Aim of the task:
Start to finish, repeat the records exactly.

Stored items:
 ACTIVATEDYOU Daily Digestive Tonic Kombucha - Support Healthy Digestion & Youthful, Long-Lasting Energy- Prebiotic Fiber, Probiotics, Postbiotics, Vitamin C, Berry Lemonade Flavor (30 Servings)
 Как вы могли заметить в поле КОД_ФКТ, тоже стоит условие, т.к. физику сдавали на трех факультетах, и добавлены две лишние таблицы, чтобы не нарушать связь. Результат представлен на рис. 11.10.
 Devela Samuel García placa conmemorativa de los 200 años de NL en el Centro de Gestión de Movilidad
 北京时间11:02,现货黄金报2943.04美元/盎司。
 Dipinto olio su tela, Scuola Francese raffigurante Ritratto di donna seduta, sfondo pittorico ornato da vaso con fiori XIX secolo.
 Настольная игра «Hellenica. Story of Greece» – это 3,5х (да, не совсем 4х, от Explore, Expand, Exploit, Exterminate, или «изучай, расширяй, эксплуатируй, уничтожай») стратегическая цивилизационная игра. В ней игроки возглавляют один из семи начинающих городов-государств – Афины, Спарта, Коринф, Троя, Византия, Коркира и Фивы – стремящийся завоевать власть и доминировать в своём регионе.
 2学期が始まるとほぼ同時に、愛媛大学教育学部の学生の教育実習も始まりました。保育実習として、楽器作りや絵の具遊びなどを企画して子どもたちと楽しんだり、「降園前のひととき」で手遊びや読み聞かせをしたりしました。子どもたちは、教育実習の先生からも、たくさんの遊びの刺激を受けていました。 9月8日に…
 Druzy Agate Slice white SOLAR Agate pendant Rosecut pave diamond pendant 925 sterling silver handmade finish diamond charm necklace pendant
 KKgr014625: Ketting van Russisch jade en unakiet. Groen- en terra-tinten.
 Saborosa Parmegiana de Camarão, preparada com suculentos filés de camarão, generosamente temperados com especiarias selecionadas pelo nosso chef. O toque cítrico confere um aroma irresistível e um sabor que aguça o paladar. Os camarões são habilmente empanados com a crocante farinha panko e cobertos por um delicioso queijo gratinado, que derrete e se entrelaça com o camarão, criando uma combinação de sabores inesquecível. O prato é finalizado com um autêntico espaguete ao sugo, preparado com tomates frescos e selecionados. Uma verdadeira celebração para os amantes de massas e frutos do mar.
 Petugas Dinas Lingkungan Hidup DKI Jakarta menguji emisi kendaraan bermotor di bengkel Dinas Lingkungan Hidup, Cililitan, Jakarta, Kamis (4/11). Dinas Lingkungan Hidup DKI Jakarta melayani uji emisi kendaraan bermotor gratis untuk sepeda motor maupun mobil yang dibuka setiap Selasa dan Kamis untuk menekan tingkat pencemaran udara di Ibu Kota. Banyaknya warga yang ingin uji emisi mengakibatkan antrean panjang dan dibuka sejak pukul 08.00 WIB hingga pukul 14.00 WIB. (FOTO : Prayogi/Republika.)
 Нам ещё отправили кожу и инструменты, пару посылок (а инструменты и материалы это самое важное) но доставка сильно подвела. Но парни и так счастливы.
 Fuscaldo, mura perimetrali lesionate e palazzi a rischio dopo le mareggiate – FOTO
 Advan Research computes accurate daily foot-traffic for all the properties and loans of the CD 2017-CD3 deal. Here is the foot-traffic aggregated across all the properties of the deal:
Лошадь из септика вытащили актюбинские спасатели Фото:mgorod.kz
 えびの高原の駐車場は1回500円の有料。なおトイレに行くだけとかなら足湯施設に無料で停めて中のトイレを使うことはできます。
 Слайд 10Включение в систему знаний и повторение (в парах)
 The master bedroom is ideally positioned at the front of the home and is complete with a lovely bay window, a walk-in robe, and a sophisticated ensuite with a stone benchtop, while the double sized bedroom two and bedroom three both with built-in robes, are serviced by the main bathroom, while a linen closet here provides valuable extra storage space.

Output below:
 ACTIVATEDYOU Daily Digestive Tonic Kombucha - Support Healthy Digestion & Youthful, Long-Lasting Energy- Prebiotic Fiber, Probiotics, Postbiotics, Vitamin C, Berry Lemonade Flavor (30 Servings)
 Как вы могли заметить в поле КОД_ФКТ, тоже стоит условие, т.к. физику сдавали на трех факультетах, и добавлены две лишние таблицы, чтобы не нарушать связь. Результат представлен на рис. 11.10.
 Devela Samuel García placa conmemorativa de los 200 años de NL en el Centro de Gestión de Movilidad
 北京时间11:02,现货黄金报2943.04美元/盎司。
 Dipinto olio su tela, Scuola Francese raffigurante Ritratto di donna seduta, sfondo pittorico ornato da vaso con fiori XIX secolo.
 Настольная игра «Hellenica. Story of Greece» – это 3,5х (да, не совсем 4х, от Explore, Expand, Exploit, Exterminate, или «изучай, расширяй, эксплуатируй, уничтожай») стратегическая цивилизационная игра. В ней игроки возглавляют один из семи начинающих городов-государств – Афины, Спарта, Коринф, Троя, Византия, Коркира и Фивы – стремящийся завоевать власть и доминировать в своём регионе.
 2学期が始まるとほぼ同時に、愛媛大学教育学部の学生の教育実習も始まりました。保育実習として、楽器作りや絵の具遊びなどを企画して子どもたちと楽しんだり、「降園前のひととき」で手遊びや読み聞かせをしたりしました。子どもたちは、教育実習の先生からも、たくさんの遊びの刺激を受けていました。 9月8日に…
 Druzy Agate Slice white SOLAR Agate pendant Rosecut pave diamond pendant 925 sterling silver handmade finish diamond charm necklace pendant
 KKgr014625: Ketting van Russisch jade en unakiet. Groen- en terra-tinten.
 Saborosa Parmegiana de Camarão, preparada com suculentos filés de camarão, generosamente temperados com especiarias selecionadas pelo nosso chef. O toque cítrico confere um aroma irresistível e um sabor que aguça o paladar. Os camarões são habilmente empanados com a crocante farinha panko e cobertos por um delicioso queijo gratinado, que derrete e se entrelaça com o camarão, criando uma combinação de sabores inesquecível. O prato é finalizado com um autêntico espaguete ao sugo, preparado com tomates frescos e selecionados. Uma verdadeira celebração para os amantes de massas e frutos do mar.
 Petugas Dinas Lingkungan Hidup DKI Jakarta menguji emisi kendaraan bermotor di bengkel Dinas Lingkungan Hidup, Cililitan, Jakarta, Kamis (4/11). Dinas Lingkungan Hidup DKI Jakarta melayani uji emisi kendaraan bermotor gratis untuk sepeda motor maupun mobil yang dibuka setiap Selasa dan Kamis untuk menekan tingkat pencemaran udara di Ibu Kota. Banyaknya warga yang ingin uji emisi mengakibatkan antrean panjang dan dibuka sejak pukul 08.00 WIB hingga pukul 14.00 WIB. (FOTO : Prayogi/Republika.)
 Нам ещё отправили кожу и инструменты, пару посылок (а инструменты и материалы это самое важное) но доставка сильно подвела. Но парни и так счастливы.
 Fuscaldo, mura perimetrali lesionate e palazzi a rischio dopo le mareggiate – FOTO
 Advan Research computes accurate daily foot-traffic for all the properties and loans of the CD 2017-CD3 deal. Here is the foot-traffic aggregated across all the properties of the deal:
Лошадь из септика вытащили актюбинские спасатели Фото:mgorod.kz
 えびの高原の駐車場は1回500円の有料。なおトイレに行くだけとかなら足湯施設に無料で停めて中のトイレを使うことはできます。
 Слайд 10Включение в систему знаний и повторение (в парах)
 The master bedroom is ideally positioned at the front of the home and is complete with a lovely bay window, a walk-in robe, and a sophisticated ensuite with a stone benchtop, while the double sized bedroom two and bedroom three both with built-in robes, are serviced by the main bathroom, while a linen closet here provides valuable extra storage space.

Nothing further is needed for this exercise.